▸ Problem requirements: For this exercise, repeat the whole listing below exactly. Leave the pictures out.

▸ Material provided:
• • • •

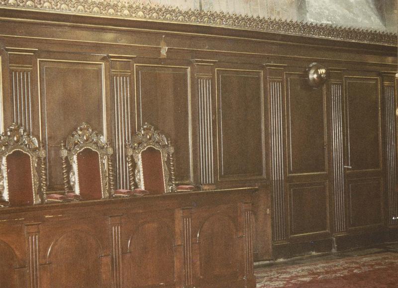 Panneaux rectangulaires simples séparés par des pilastres plats. Aucune décoration.
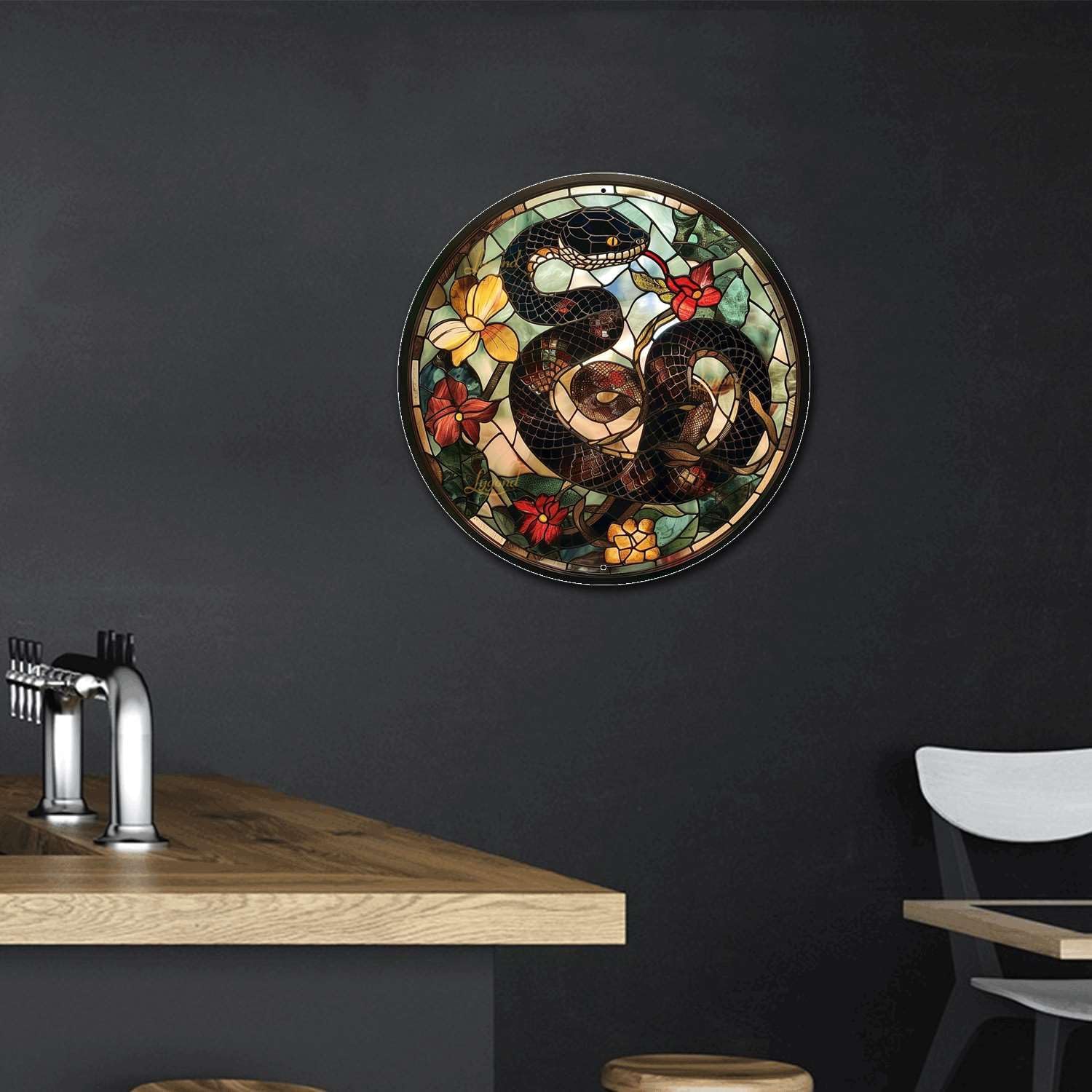 Lygond Metal Tin Sign - Circular Stained Glass Snake Vintage Sign for Garden - 8x8 Inches
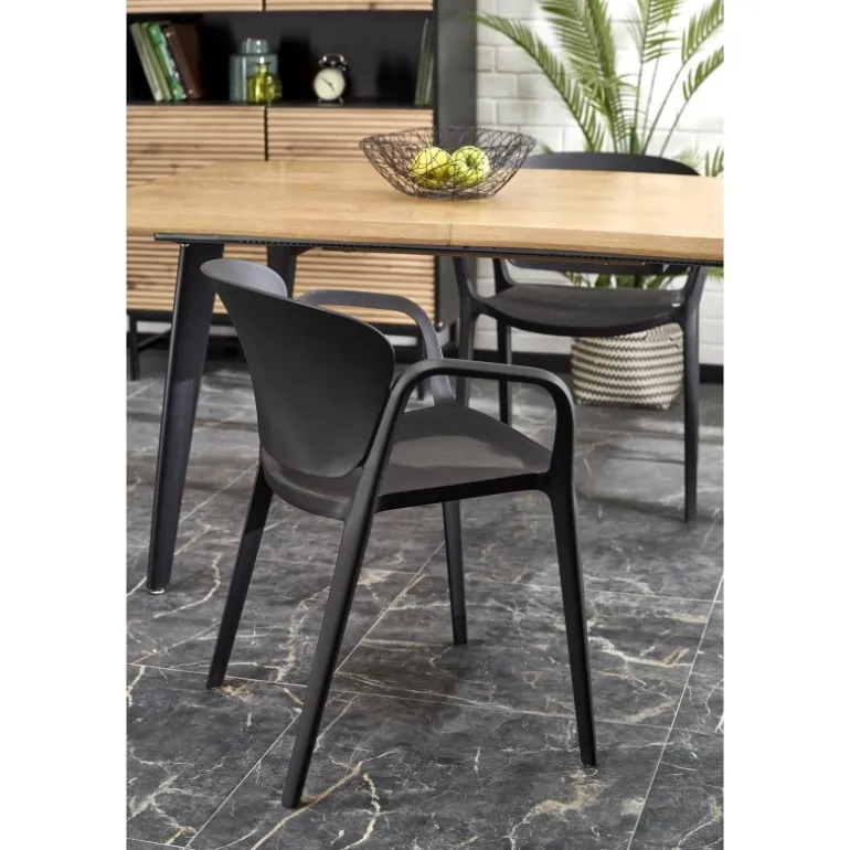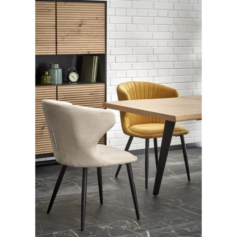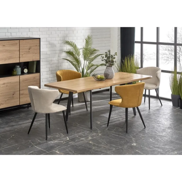 DICKSON 2 Spisebord med udtræk kombinerer stil og funktionalitet for at opfylde dine behov. Med dimensionerne 150-210/90/75 cm kan det nemt forlænges for at rumme flere gæster. Bordpladen i naturlig eg og Sorte ben skaber et elegant udtryk, der passer til enhver indretning. Materialet består af MDF med naturlig finer, hvilket sikrer holdbarhed og langvarig brug. Husk at tørre bordpladen straks efter spild af væsker for at undgå vandabsorption.
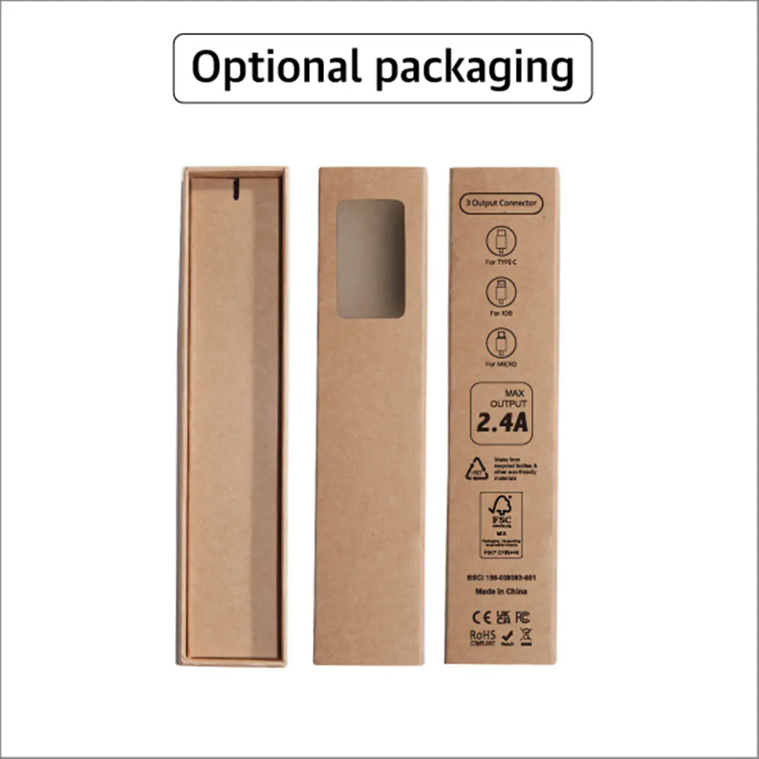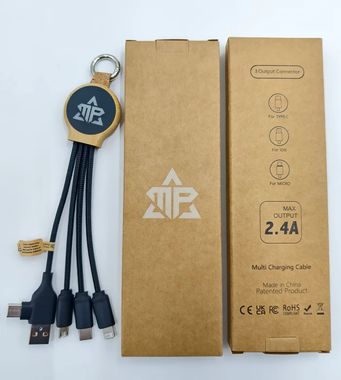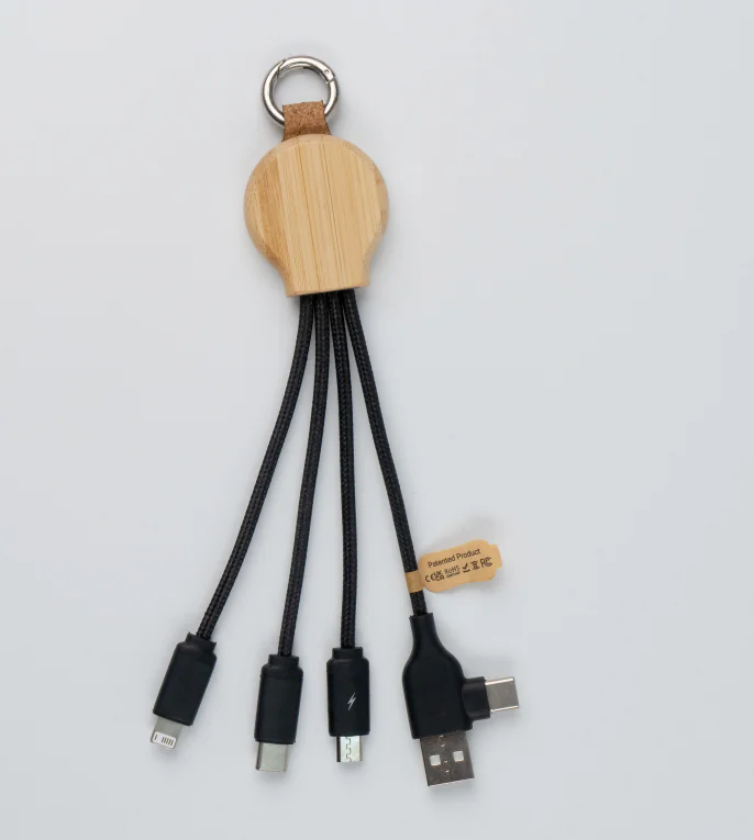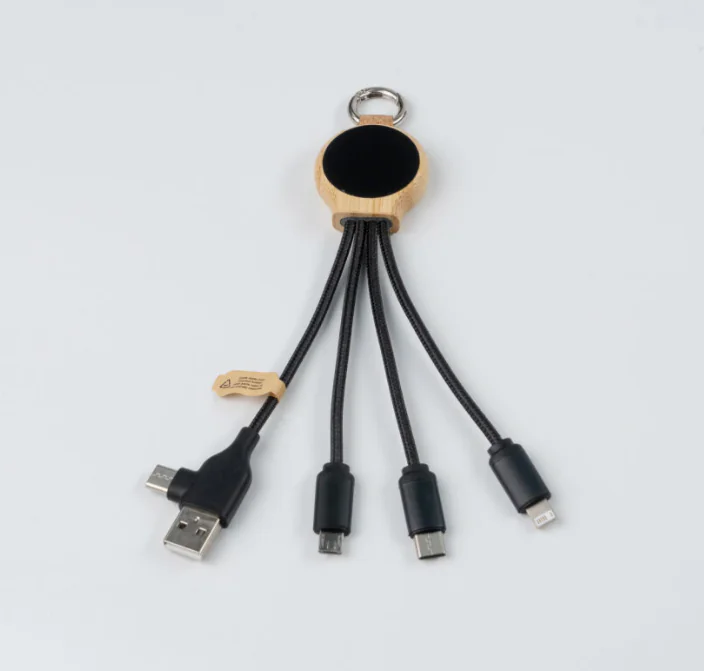 The SK1015B-F10 | 3-in-1 Bamboo LED Charging Cable (18W, 18.5cm) is where eco-conscious design meets functional tech. Crafted from recycled plastic (rPET) and encased in a natural bamboo shell, this cable delivers universal compatibility with USB-A and Type-C input connectors and Type-C, Micro USB, and 6-pin Lightning-style outputs—allowing users to charge up to three devices at once.

• • • •

▸ Answer box:
 Panneaux rectangulaires simples séparés par des pilastres plats. Aucune décoration.
 Lygond Metal Tin Sign - Circular Stained Glass Snake Vintage Sign for Garden - 8x8 Inches
 DICKSON 2 Spisebord med udtræk kombinerer stil og funktionalitet for at opfylde dine behov. Med dimensionerne 150-210/90/75 cm kan det nemt forlænges for at rumme flere gæster. Bordpladen i naturlig eg og Sorte ben skaber et elegant udtryk, der passer til enhver indretning. Materialet består af MDF med naturlig finer, hvilket sikrer holdbarhed og langvarig brug. Husk at tørre bordpladen straks efter spild af væsker for at undgå vandabsorption.
 The SK1015B-F10 | 3-in-1 Bamboo LED Charging Cable (18W, 18.5cm) is where eco-conscious design meets functional tech. Crafted from recycled plastic (rPET) and encased in a natural bamboo shell, this cable delivers universal compatibility with USB-A and Type-C input connectors and Type-C, Micro USB, and 6-pin Lightning-style outputs—allowing users to charge up to three devices at once.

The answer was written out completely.